StuveCorp;1404908 said:


> I bought a brand new Snowwolf(8') and ran it on an 95XT and two years on an 440 skid and was not happy with it. Was not tough enough and wasn't happy with the wings but am curious about the new wings you mentioned.


What wasn,t tough enough? I,m happy with mine, but it doesn't get used a ton. I will post the wing picture when my camera is done charging.


----------



## StuveCorp (Dec 20, 2005)

It seemed like everything. The wings were the worst, pinning them on and it would leave streaks between the plow and wing. I ended up bolting them to the plow and did a lot of grinding to the poly/urethane edges so they would fit tight and not leave streaks. Also added steel on both sides of the poly/urethane so we could run curbs. For the money I was really disapointed in it.


----------



## WIPensFan (Jan 31, 2009)

I had to buy curb guards for my plow as well. Without them the outside of the mold board was wearing quickly. The guards are beefy though! Had to grind them down a little to run flat with the existing edge, kind of a PITA. I never liked the look of those plastic wings, they don't look strong. New ones look better IMO.


----------



## WIPensFan (Jan 31, 2009)

Here are pictures of the new trip edge wings and Wolf Paw specs.


----------



## snocrete (Feb 28, 2009)

WIPensFan;1405210 said:


> Here are pictures of the new trip edge wings and Wolf Paw specs.


Thanks for posting!! Those trip edge wings look bada$$!!

Question: Whats the difference between the 100,200, & 500 series tires?


----------



## WIPensFan (Jan 31, 2009)

snocrete;1405228 said:


> Thanks for posting!! Those trip edge wings look bada$$!!
> 
> Question: Whats the difference between the 100,200, & 500 series tires?

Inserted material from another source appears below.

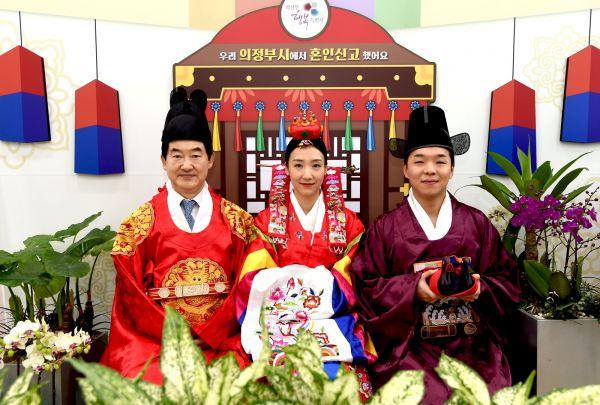 의정부시는 20일 혼인신고를 위해 시청을 방문한 신혼부부를 위해 혼인신고 기념 포토존에서 전통 혼례복을 입고 시장님과 함께 하는 인증샷을 찍는 특별하고 유쾌한 깜짝이벤트를 실시했다.

No problem. The wings are cool.
Yeah, that's my question too!? It only shows a picture of the two different tread patterns. I'm guessing maybe different configurations of the two tread types?? It doesn't say in the booklet, sorry.


----------



## StuveCorp (Dec 20, 2005)

Thanks for the pictures. Those wings do look sweet, extra 20" a side is very nice. If they make something to protect the edge for curb running that could be a nice set up. Wonder what the official snow carrying capacity is with the wings? Would think that could give the Kage a serious run...


----------



## NICHOLS LANDSCA (Sep 15, 2007)

There goes one of the ideas for wings, guess I'll work on my other


----------